Required work: Hand back every line from the beginning of the data below through the line containing "Publicity stunt in Kenya", word for word and free of pictures.

Provided material:
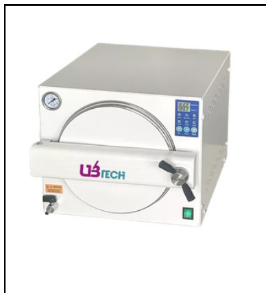
Benchtop Class N Autoclave 18/24L UST-B18NI
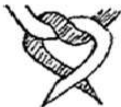
10. Cross long end over short
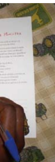
Publicity stunt in Kenya

International Physicians for the Prevention of Nuclear War (IPPNW) launched the People’s Consultations with a national radio programme that explained the basics of the Arms Trade Treaty, and what it should include and achieve. A transcript of the broadcast was then presented to government officials.

Written response:
Benchtop Class N Autoclave 18/24L UST-B18NI
10. Cross long end over short
Publicity stunt in Kenya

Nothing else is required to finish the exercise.